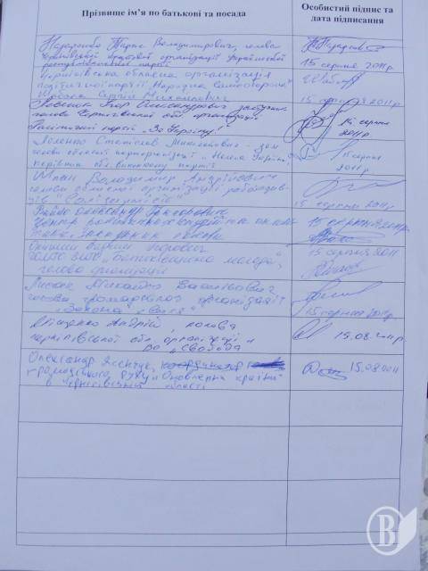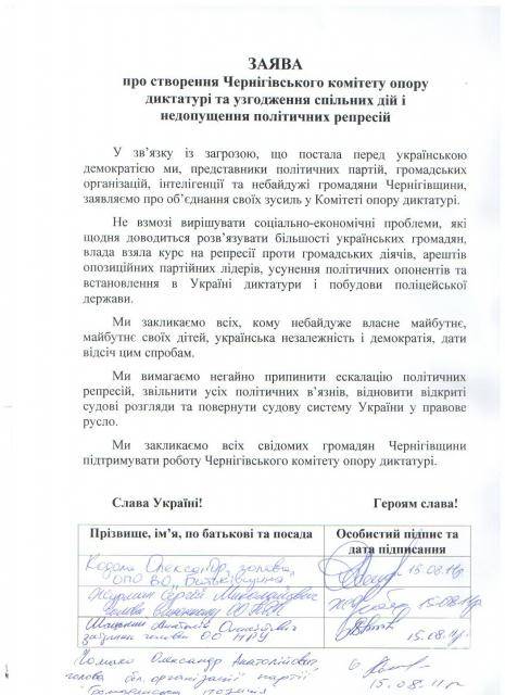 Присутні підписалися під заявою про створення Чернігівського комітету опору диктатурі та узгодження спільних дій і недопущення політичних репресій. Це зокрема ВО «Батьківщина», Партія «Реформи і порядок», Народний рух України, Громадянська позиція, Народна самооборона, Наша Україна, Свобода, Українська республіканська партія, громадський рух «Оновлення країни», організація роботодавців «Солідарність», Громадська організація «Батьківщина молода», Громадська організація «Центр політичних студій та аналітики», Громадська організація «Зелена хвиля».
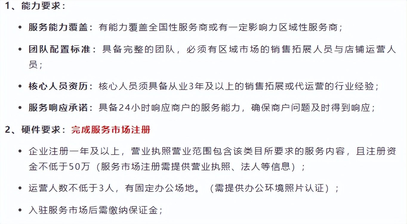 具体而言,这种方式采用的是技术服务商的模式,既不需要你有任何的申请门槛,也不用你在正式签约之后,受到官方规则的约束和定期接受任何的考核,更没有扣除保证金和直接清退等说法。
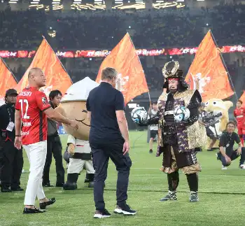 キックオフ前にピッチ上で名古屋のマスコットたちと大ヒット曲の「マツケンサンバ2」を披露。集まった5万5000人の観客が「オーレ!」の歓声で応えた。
--------
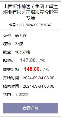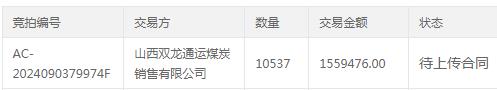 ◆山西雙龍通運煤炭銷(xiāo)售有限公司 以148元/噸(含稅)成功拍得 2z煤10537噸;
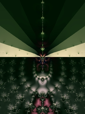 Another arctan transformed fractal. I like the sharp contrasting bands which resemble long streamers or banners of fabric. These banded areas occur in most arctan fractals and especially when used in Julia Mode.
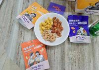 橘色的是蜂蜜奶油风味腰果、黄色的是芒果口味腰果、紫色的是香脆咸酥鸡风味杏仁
--------
Write down exactly what the lines above say, from the line holding "具体而言,这种方式采用的是技" through the line holding "キックオフ前にピッチ上で名古", and nothing more. Do not copy the pictures.

Solved exercise ::
 具体而言,这种方式采用的是技术服务商的模式,既不需要你有任何的申请门槛,也不用你在正式签约之后,受到官方规则的约束和定期接受任何的考核,更没有扣除保证金和直接清退等说法。
 キックオフ前にピッチ上で名古屋のマスコットたちと大ヒット曲の「マツケンサンバ2」を披露。集まった5万5000人の観客が「オーレ!」の歓声で応えた。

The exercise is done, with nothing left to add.